Section 413(b)(2)(A) of Dodd-Frank requires the SEC to study the accredited investor definition every four years.  This is the first study. It’s not a SEC inspired review, but one mandated by Congress.

SEC Chair Mary Jo White encourages “investors, companies and other market participants to provide comments as public input will be very valuable as the Commission considers the definition.” The report considers alternative approaches to defining “accredited investor,” provides staff recommendations for potential updates and modifications to the existing definition and analyzes the impact potential approaches may have on the pool of accredited investors.

Few people think that the current income and net worth tests for an accredited investor have much to do with the ability to judge the risks of a private investment. Of course, it also does not mean that non-accredited investors can judge a publicly listed security either.

But the current tests do offer a bright-line than makes it easy toe evaluate a potential investor’s eligibility to participate in the offering.
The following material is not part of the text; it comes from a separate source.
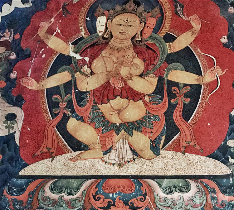 葉衣佛母的識(shí)別標(biāo)志是其身著以樹葉編織的衣裙,左上手持藥枝,其他五臂則持不同法器。葉衣佛母在藏傳佛教中是主管疾病醫(yī)藥的神。三頭六臂九眼,上身坦露,身軀呈現(xiàn)半蹲立姿態(tài),本件作品之風(fēng)格可以見到15世紀(jì)上半葉江孜風(fēng)格在古格繪畫的運(yùn)用:包含以紅色,綠色,藍(lán)色為主的色調(diào);源于尼泊爾的淚滴狀頭冠形式;肩上飄逸的衣帶與衣著上的織繡圖案等。同時(shí),背景中以暈染的深淺來呈現(xiàn)凌厲的巖石,以及呈卷狀拖曳的祥云圖飾,則是使用了漢地美學(xué)的元素。

“Clarity and certainty in the accredited investor definition foster greater confidence in unregistered markets and ultimately could reduce the cost of capital, thereby promoting increased capital formation, particularly for small businesses.”

Given that Regulation D offerings still raise more money than registered offerings, you have to wonder if Congress and the SEC have made it more palatable to stay private.

As for private placements being more risky than registered investments, I will disagree. They may be more or less risky on whether the investment will produce a return. The risk is not in the return. The risk is one of liquidity. A private placement by Exxon may not be any more risky than the public stock. The risk is that there is no market to resell the security. If you suddenly need the cash back from the investment you may have no ability to get it until a liquidation event.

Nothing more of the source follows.